Karim Masimov was selected by Nazarbayev to run his presidential office after serving nearly six years as prime minister of Central Asia's largest economy, a period of sustained economic growth and billions of dollars in foreign investment.
The Nazarbayev loyalist replaces Aslan Musin, who was appointed head of the budgetary accounts committee. Nazarbayev proposed Serik Akhmetov as the next prime minister, the presidential press service announced Monday via Twitter.
Akhmetov was previously first deputy prime minister to Masimov. Members of the lower house of parliament will vote on Akhmetov's nomination.
Kazakhstan holds 3 percent of the world's recoverable oil reserves and has attracted more than $150 billion in foreign investment in its two decades of independence.
Nazarbayev dominates political life and tolerates little dissent. A member of the last Soviet Politburo, he has ruled Kazakhstan since before independence in 1991.
Without an obvious successor, the veteran leader periodically reassigns important jobs in the state apparatus to guard against any one group obtaining too much power. Analysts said both Masimov and Musin had grown in influence in the last year.
"Imbalances have appeared within the ruling elite," said Andrei Chebotaryov, an independent political analyst in Almaty.
He said Masimov had established himself as a political force in his own right after distancing himself from Timur Kulibayev, the president's billionaire son-in-law, who was removed from the top job at a sovereign wealth fund in December.
As head of the Samruk-Kazyna fund, Kulibayev was ultimately responsible for the oil companies where a long-running protest by thousands of sacked oil workers erupted into deadly clashes with police on Dec. 16 and Dec. 17.
"If [Masimov] had earlier been associated with Timur Kulibayev's group, he has developed into his own person in the last few years and created his own influential group," Chebotaryov said.
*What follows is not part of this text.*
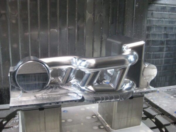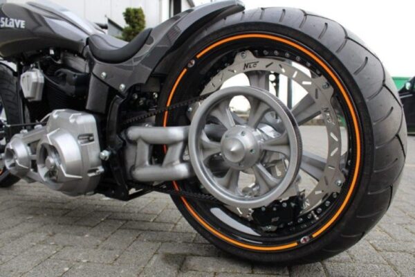 Die NLC Einarmschwinge für Harley Davidson Breakout entsteht aus einem Block hochfestem Aluminium. Auf dem 5-Achs Bearbeitungszentrum wird die Schwinge in vielen Anstellungen in Form gebracht. Die NLC Schwinge ist in dieser Form und Ausführung einzigartig auf dem Markt.

Masimov was appointed prime minister in January 2007 and is credited with maintaining economic growth through the worst of the global financial crisis, which struck Kazakhstan later the same year.
He was reappointed immediately after a parliamentary election in January. In an interview with Reuters at the time, he identified macroeconomic stability as his priority. Kazakhstan expects its economy to grow 5.8 percent this year.
Masimov also encouraged reforms to civil society and the justice system in the wake of the clashes in the oil region.
Akhmetov is a qualified metallurgical engineer who, like Nazarbayev, began his career at the steel plant in the city of Temirtau now owned by ArcelorMittal.
Prior to his appointment as first deputy prime minister in the January cabinet reshuffle, Akhmetov had been governor of the industrial region of Karaganda.